She remembers, she told me their particular flavor. Her mother always used to breathe their aroma deeply before adding them to the split peas and ham bones, the celery and onion. She used to say the soup needs bay leaves as your favorite dish needs salt balancing the taste and make it just right.

I have been holding the jar full of freshly dried bay leaves I picked from my garden that morning to share with my new neighbor. A tiny middle aged lady with her dark neatly combed and her dark eyes painfully resigned and kind. She took the small jar from my hand like it was a jewelry box.
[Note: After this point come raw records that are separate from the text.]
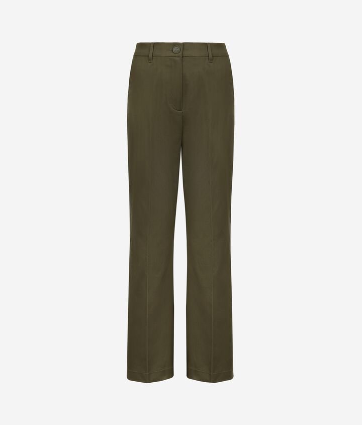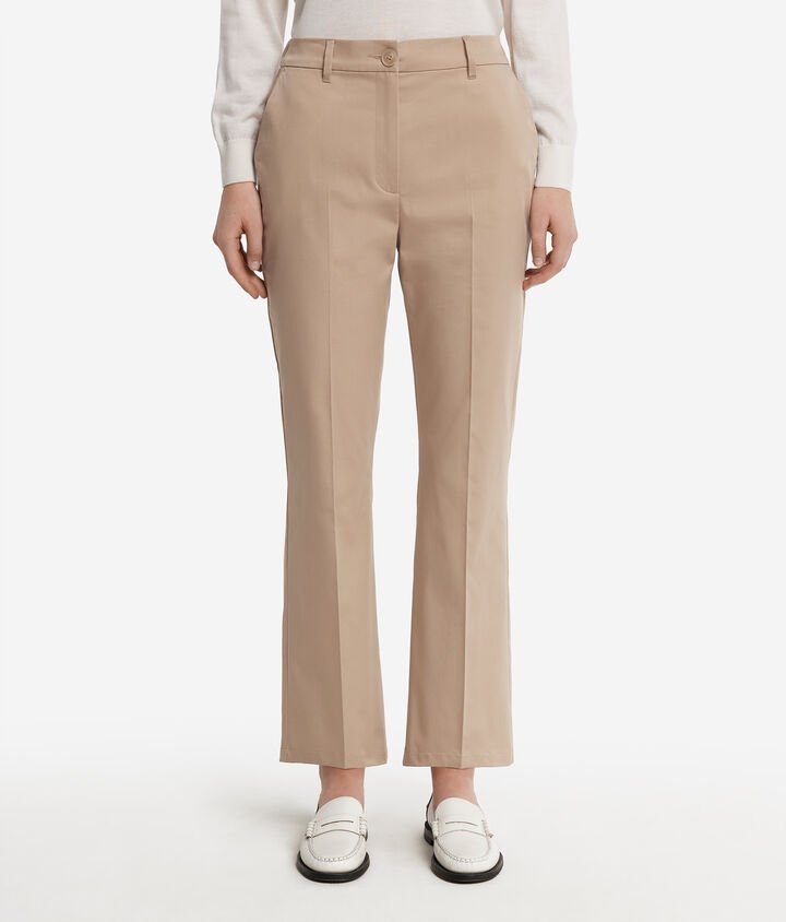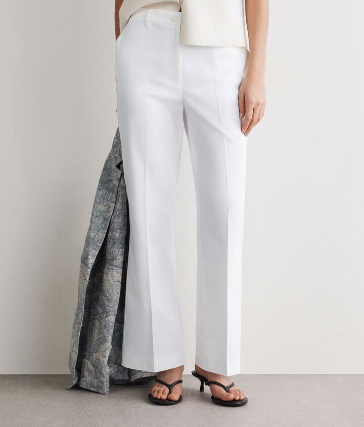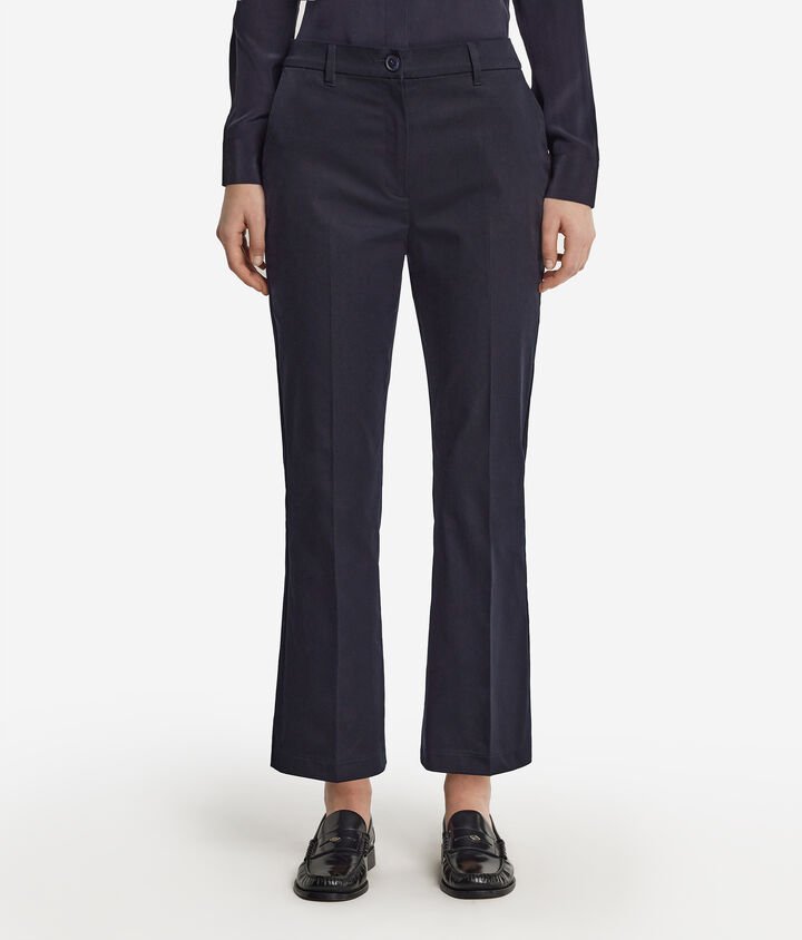 Casual taste blends with essential lines in these flared pants made of stretch cotton. The back strap and welt pockets enhance the piece, providing a refined touch to the design. With a slim fit and ankle length, it is ideal for a variety of outfits, combining style and functionality.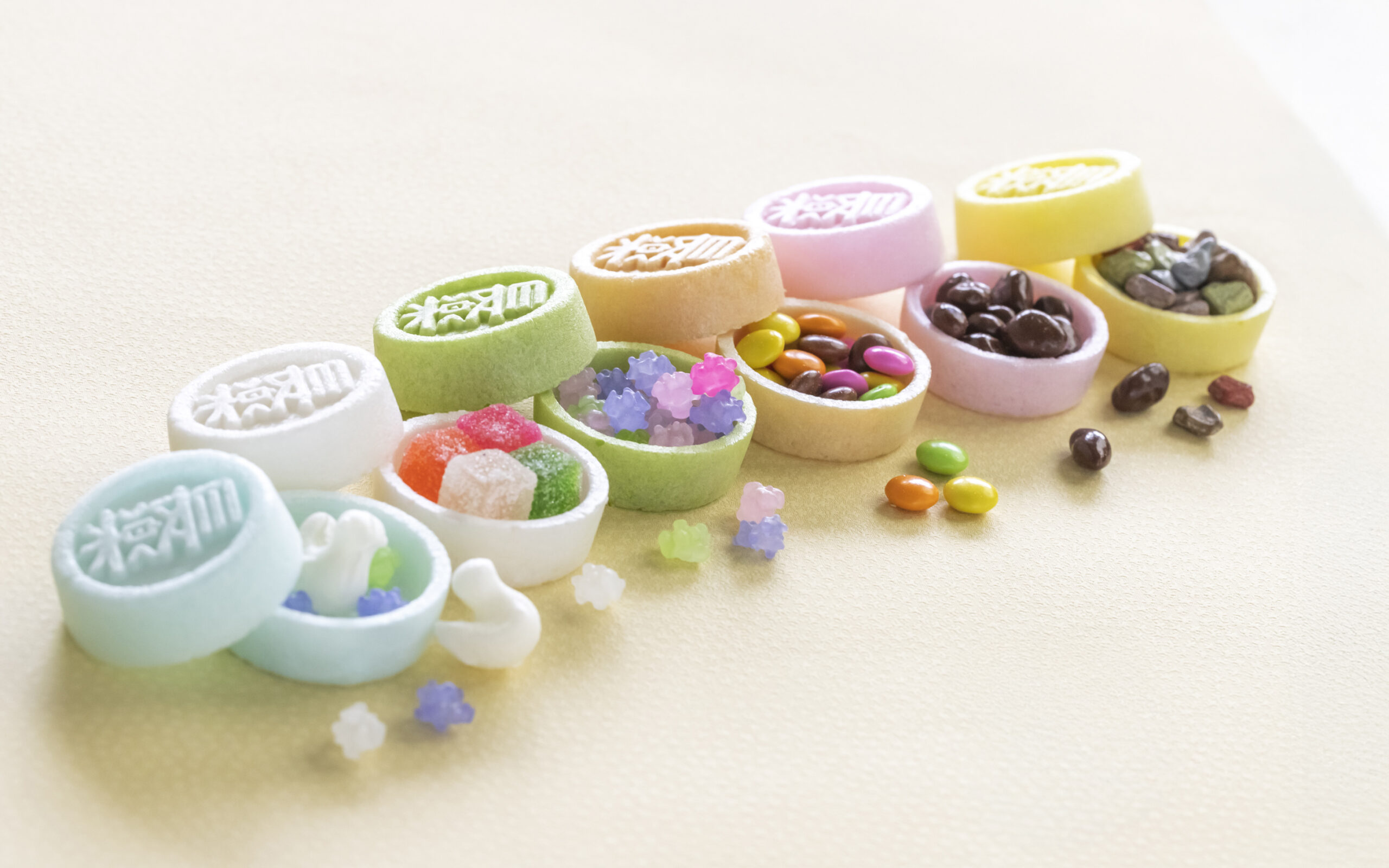 彩り豊かな最中の小箱の蓋を開けると、可愛らしい一口サイズの和洋菓子が並びます。金平糖のやさしい甘さから懐かしいチョコレートまで楽しめる詰め合わせ。季節ごとに内容が変わり、贈り物や自分へのご褒美にもおすすめです。見た目も味わいも楽しく、箱を開ける時間まで思い出になる一箱です。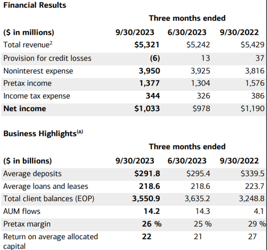 美银三季度全球财富与投资管理业务营收为53.2亿美元,同比下滑2%,净利润10.3亿美元,同比下滑13.4%。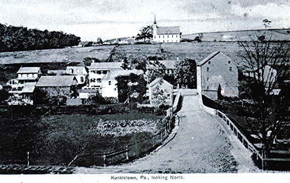 The largest village is Kunkletown which is named for Joseph Kunkle, one of the earliest businessmen and hotel owners in Eldred Township. Abraham Smith erected a grist mill in 1762 along Prince’s Run (Princess Run). In 1812, Phillip Hess ran a gun factory for the U.S. Army. The gun factory closed in 1830, and Samuel Berger and Abraham Blecker began a tannery on the old gun factory property until the tannery closed in 1877. Thomas Snyder opened a store in 1832, and the Kunkletown post office wasn’t opened until 1864, with Joseph Johnson serving as the first postmaster.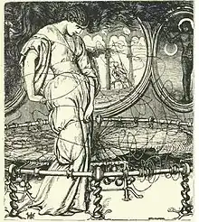 To her left is an oval roundel of the adoration of the Christ Child by Mary (representing humility), based on a work by Lucca della Robbia that Hunt owned.[3] The roundel on her right shows a haloed Hercules (representing valour) during his labour to take apples from the garden of the Hesperides, who slept while their guardian serpent (under Hercules's left foot) was defeated.[4] As a study for this detail, Hunt made an actual plaster bas-relief, now in the Manchester Art Gallery.[5] The Hesperides' failure in their duty mirrors the lady’s.[5]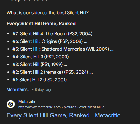 (che in questo caso mi trova d'accordo nel senso che anche per me Silent Hill 2 fu il piu' importante di tutti gli storici SH )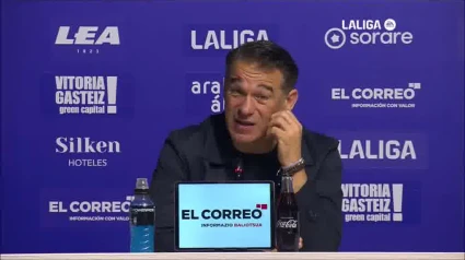 Luis García Plaza en Sala de Prensa de Mendizorroza

She opened it and breathed in the aroma whispering, “Amazing, things, these dry leathery leaves of a tree I’ve never seen growing”

“You are welcome to visit my garden,” I smiled taken aback by her appreciation of that humble spice that grew around my house unnoticed: “Anyway just keep them in that jar, they last for years.”

My neighbor continued holding my bay leaf jar closely to her chest: “Yes they last for years in the recess of your pantry, ignored and unappreciated until they are tossed into a simmering pot. Unlike spices that take charge of a dish and name it, bay leaves quietly bring out the best in the other ingredients: they round it out, complete it.”

“Right,” I sighed thinking of my new neighbor being a bit strange. Well they warned me the boat people allowed to settle in the area may unsettle us all. I felt uneasy and was ready to leave when she pointed out on a pair of second hand deck chairs on her porch.

I relaxed eventually over the pot of freshly brewed jasmine tea biting into a tiny passion fruit biscuit the lady laid in front of us.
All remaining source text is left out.